Westshore is Canada’s busiest coal export terminal, handling more than 33 million tonnes of coal annually, but it also plans to handle potash from Saskatchewan
westshore terminals 1969
A 1969 photograph of a bucket wheel reclaimer operating at the Roberts Bank coal terminal during its construction.

Delta’s coal port officially opened at Roberts Bank on June 15, 1970.

It was an exciting time as thousands attended the ceremony including special guests Prime Minister Pierre Trudeau and B.C Social Credit Premier W.A.C Bennett.

The 55-acre bulk loading facility, referred to as the Roberts Bank superport, had an estimated cost of $9 million.

Operated by Westshore Terminals, a wholly-owned subsidiary of Kaiser Resources, the port was one of the largest deep sea facilities in the world.

The first clanging, whistling trainload carrying a load of coal had arrived at Westshore Terminals two months earlier, carrying a shipment from Sparwood, B.C. destined for Japan.

Accepting the coal, the first ship to sail out of the port was named Snow White.

Mayor Dugald Morrison was on hand for the grand opening, calling it a great day for Deltans.

“The additional industries and employment resulting could change the whole face of Delta. We have a very bright future,” Morrison said.

The Delta Optimist reported that despite water spraying, a large cloud of dust arose when coal was dumped from the first rail car, forcing spectators to stand aside.

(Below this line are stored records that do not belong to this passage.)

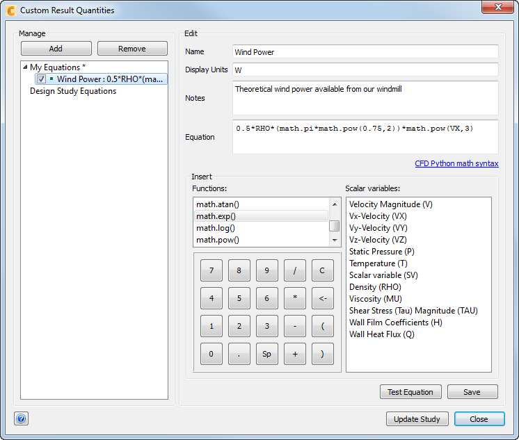 Click Test Equation to open a dialog in which you can verify and modify your equation. If you do modify your equation, click Update Equation to pass the new equation back to the Custom Result Quantities dialog.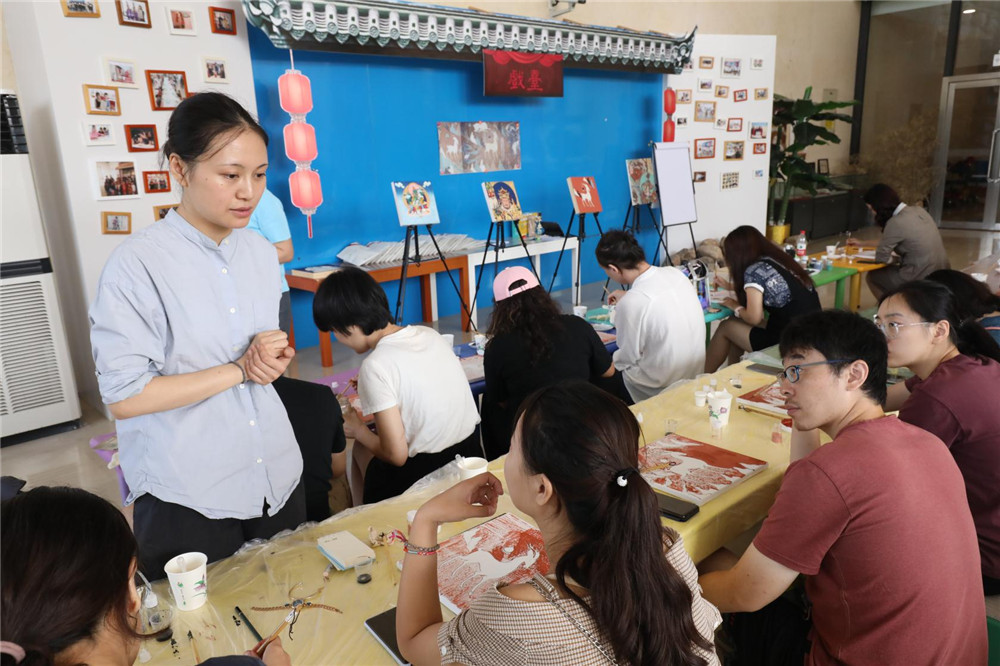 之后,刘老师为大家讲授了立粉贴金这一绘画技法,它是中国古代壁画常用的技法,称之为中国古代裸眼3D。通过对比老师带到活动现场的两幅作品,大家对整体画作的把控和技法细节有了更加深刻的认识。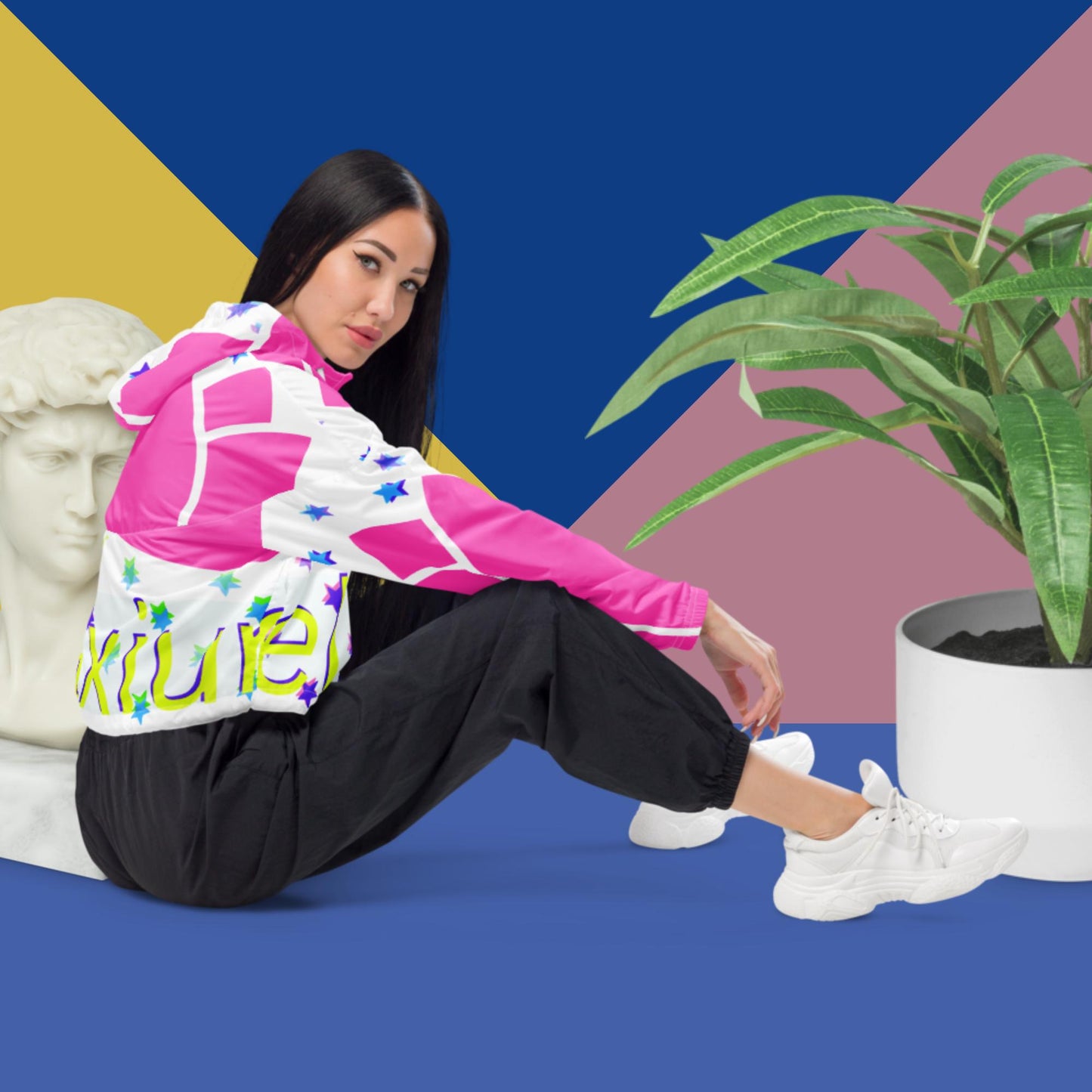 Hike in style without the rain getting in the way—this cropped windbreaker is lightweight, waterproof, and suitable for every kind of adventure. Features include side-slit pockets, breathable mesh lining, and adjustable drawcords on the hood and waist to support all your stylish outdoor looks.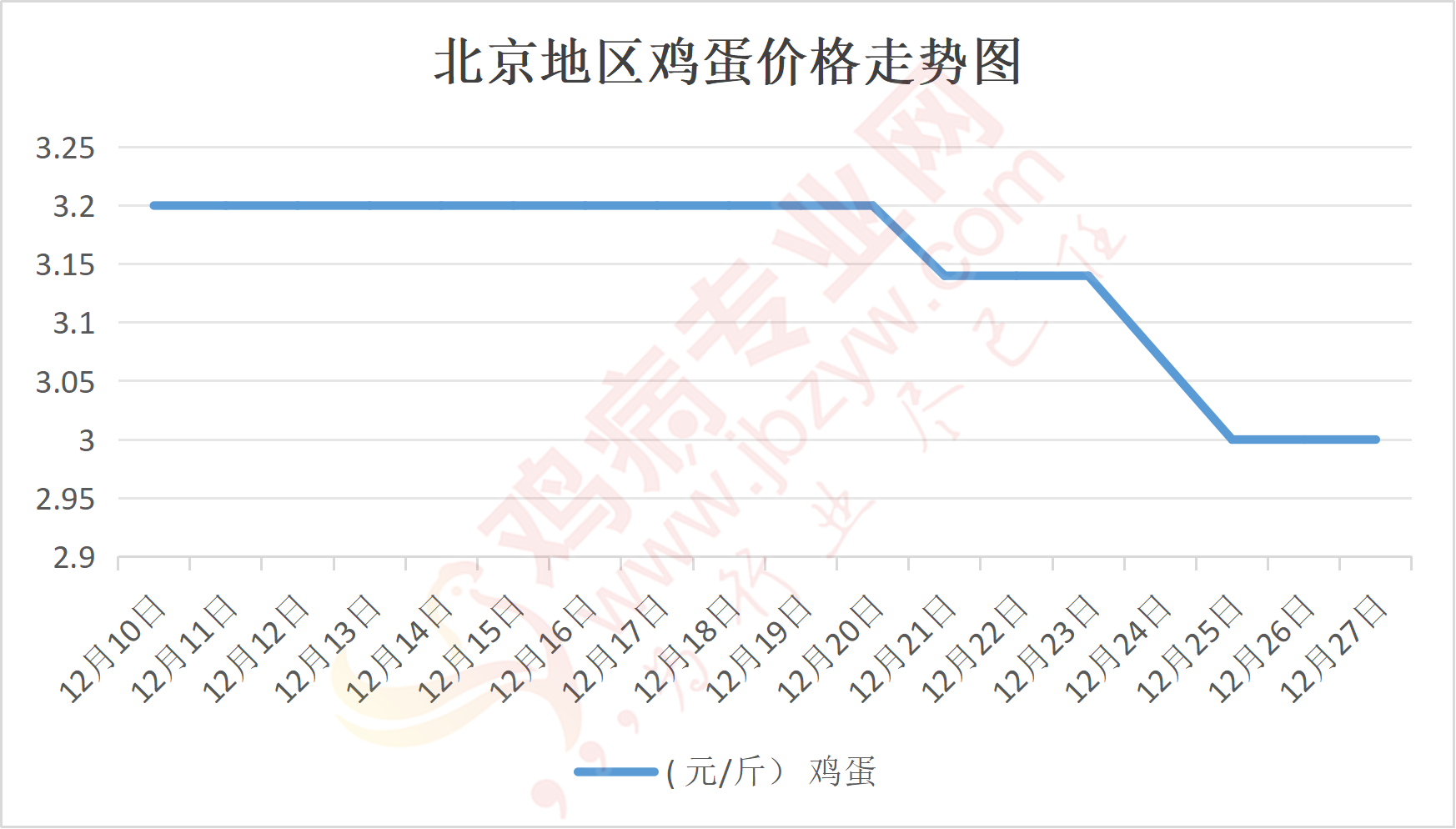 鸡病专业网消息:12月27日,北京大洋路鸡蛋主流批发价格132-133元/44斤,稳,到货5台车,成交灵活,走货正常偏快;回龙观鸡蛋132元/44斤,稳;顺义石门鸡蛋132元/44斤,稳。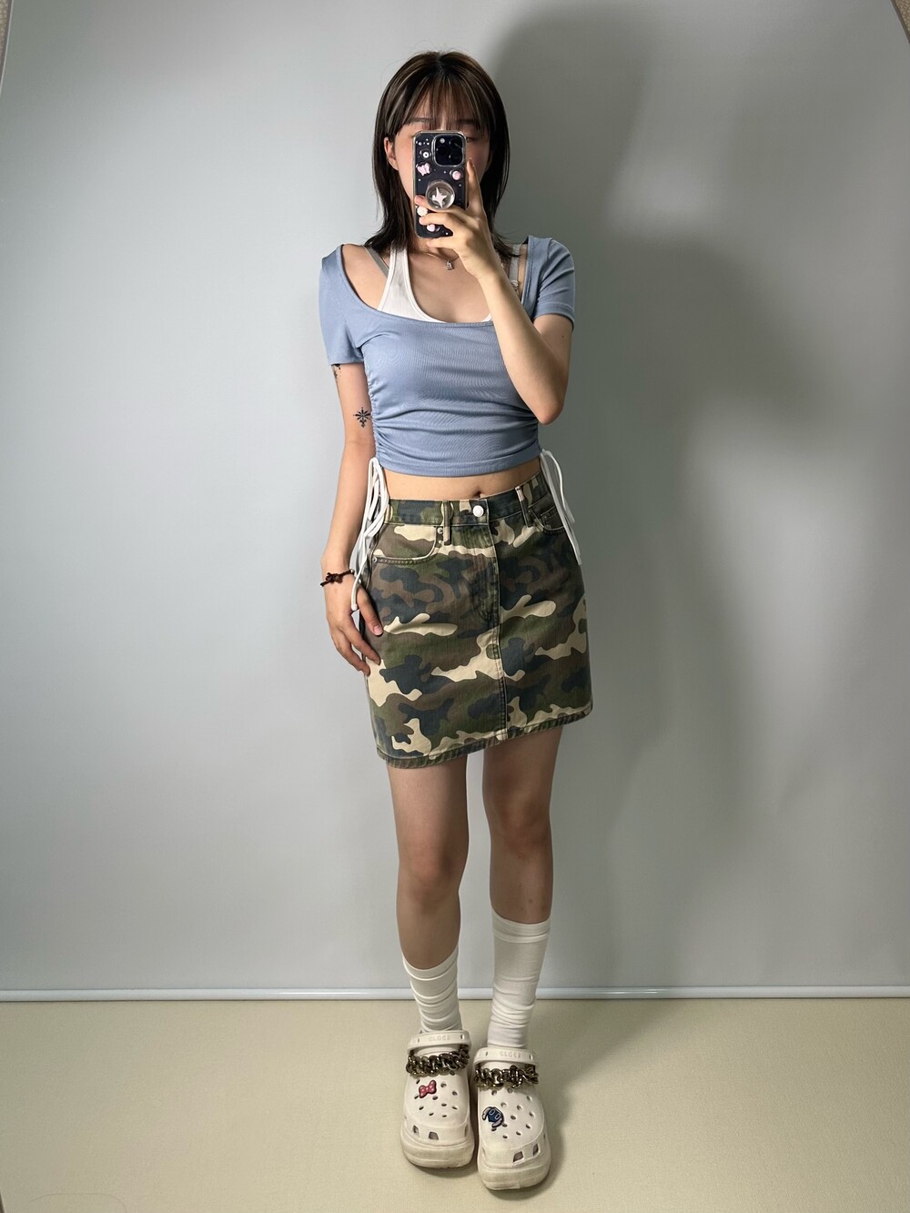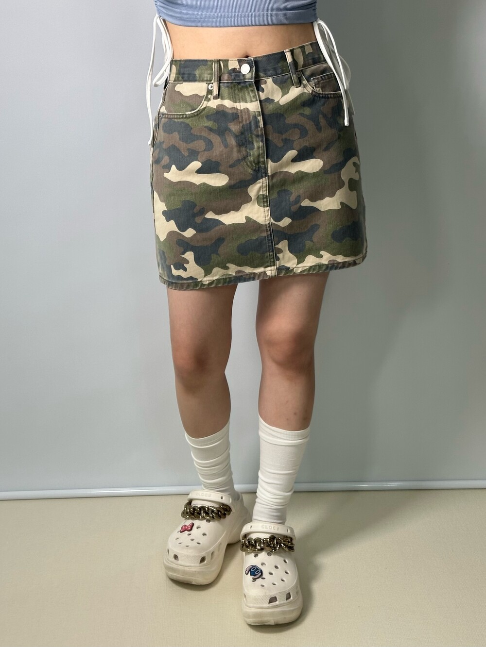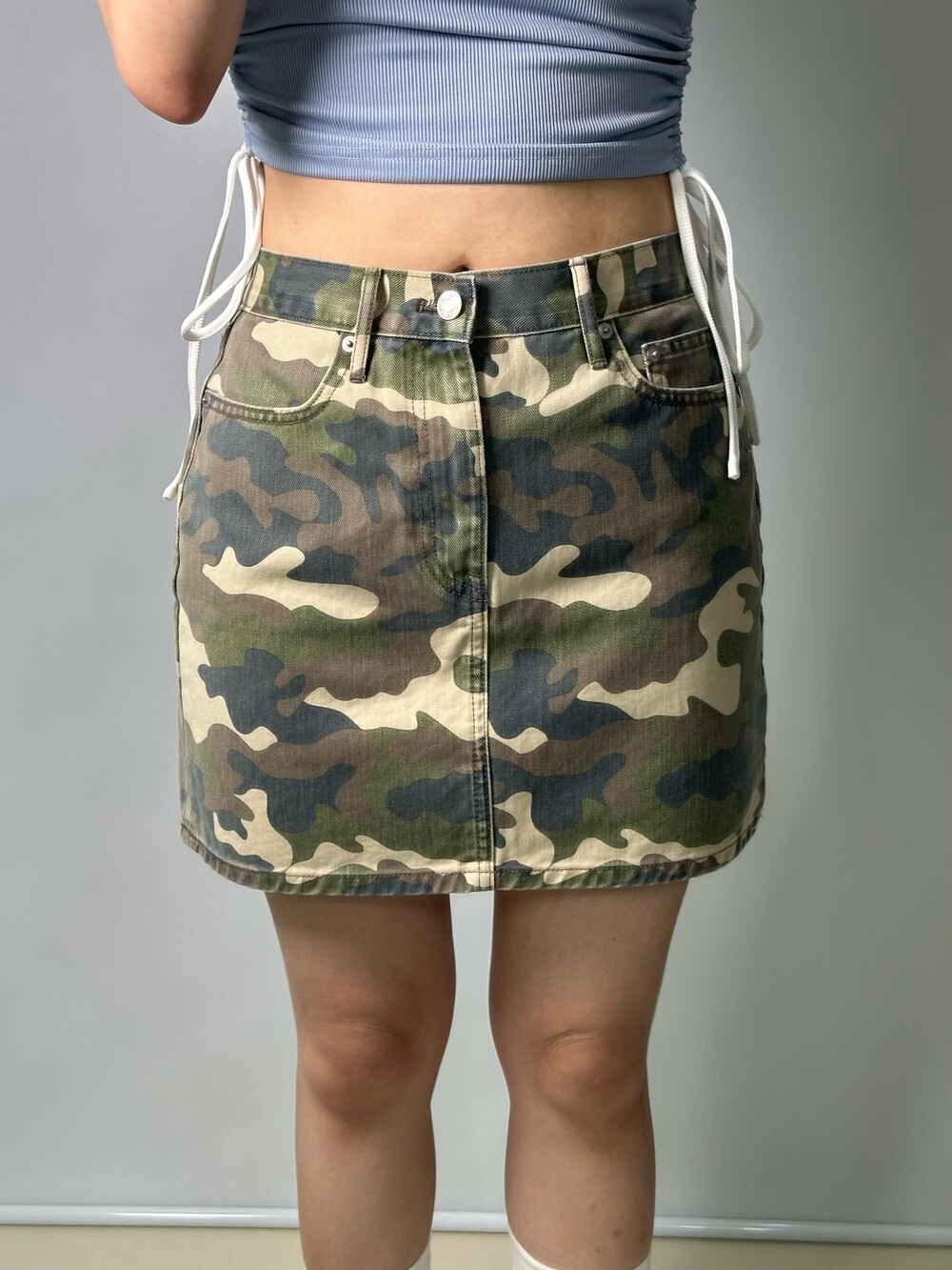 •깔끔한 핏을 가지고 있는 카모 스커트에요! 너무 짧지 않아 편안하게 착용하기 좋아요:) 엉덩이 라인을 깔끔하게 잡아주는데 넘 맘에 들어요>,<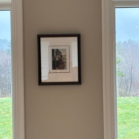 Ola Une Ferstad Liland oljemaleri . Bildet er signert og datert 1997 nede i høyre hjørne. Maleriet har sterke, kontrastfylte farger med gule, blå, røde og rosa toner. Det er innrammet i en mørk treramme med metallbeslag i hjørnene. Passer som veggkunst i stue, spisestue eller andre oppholdsrom. Bildet er 55 x 45 cm. Lerrete er litt løst, bør strammes opp.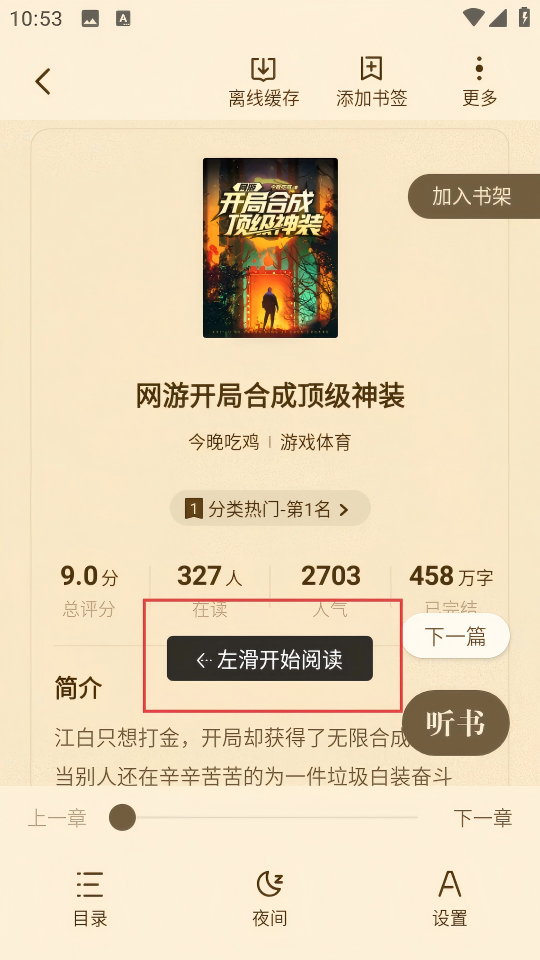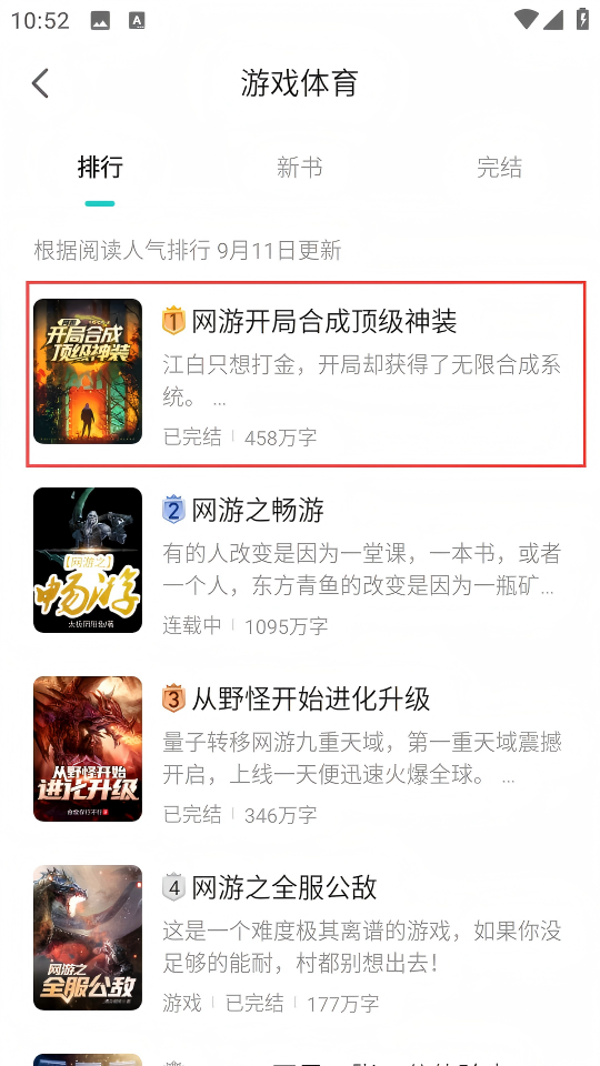 3、进入游戏体育分类页面,点击《网游开局合成顶级神装》小说。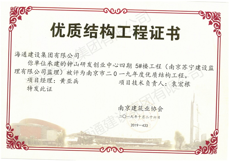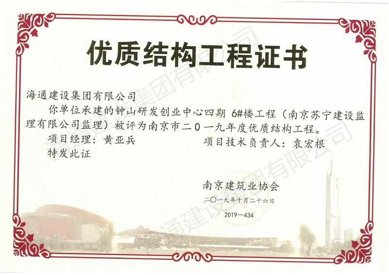 南京市優質結構2019鐘山研發創業中心四期6#樓工程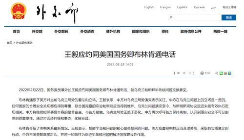 2022年2月22日,国务委员兼外长王毅应约同美国国务卿布林肯通电话,就乌克兰和朝鲜半岛核问题交换意见。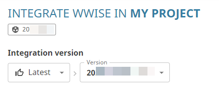 From the version list at the top of the page, select the Wwise Unity Integration version that starts with the version of Wwise you installed when meeting the prerequisites for this procedure. (The Launcher automatically creates a Wwise Integration version number for each potential Integration. The version number always starts with the associated Wwise version number.)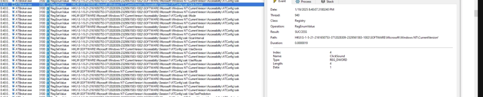 The ATbroker.exe process running as the SYSTEM account will proceed to copy values from HKLM\SOFTWARE\Microsoft\Windows NT\CurrentVersion\Accessibility\Session1\ATConfig\osk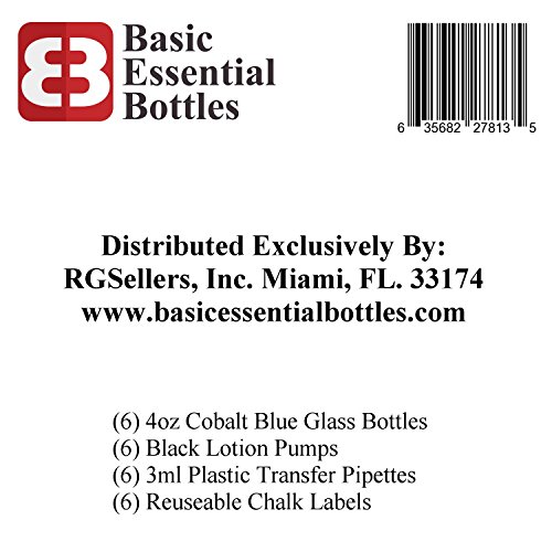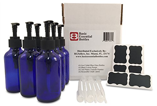 (6) 4 Ounce 4 oz Empty Cobalt Blue Glass Bottles W/black Lotion Pump Tops (6) 3ml Pipettes (6) Chalk Labels for Oils, Cleaning Products, Aromatherapy, Shampoo, Lotions, Soaps, etc.

Commenting on concerns about pollution, Morrison said “We will be watching it very closely.”

Five decades later, Westshore Terminals, now controlled by the Jim Pattison Group, continues to operate 24 hours a day, seven days a week, and remains the largest dry bulk terminal on the west coast of the Americas.

In 1980, senior governments signed a $50 million pact to expand the coal port.

A year earlier, an expansion proposal had been quashed due to environmental concerns, prompting a revised proposal designed to minimize environmental impacts.

Westshore a few years ago also undertook a $275 million facility upgrade within the existing footprint.

The facility now ships steel making (metallurgical) and energy (thermal) coal to over 20 countries worldwide.

It handles coal from mines in B.C., Alberta as well the north western United States.

It currently handles 33 million tonnes of coal annually.

Westshore this summer announced it reached an agreement with BHP Canada Inc., a subsidiary of BHP Group, to provide port services to BHP’s proposed Jansen Potash Mine in Saskatchewan.

Westshore is designing and will construct the infrastructure to handle the potash, including a potash dumper, storage building and associated conveying systems.

In addition, certain existing infrastructure at Westshore’s terminal will be modified to support handling the product.

BHP will substantially fund the construction, with Westshore responsible for construction costs in excess of the agreed budget. 

Westshore says it will also contribute up to an aggregate $33 million to costs related to specific infrastructure or unexpected permitting conditions.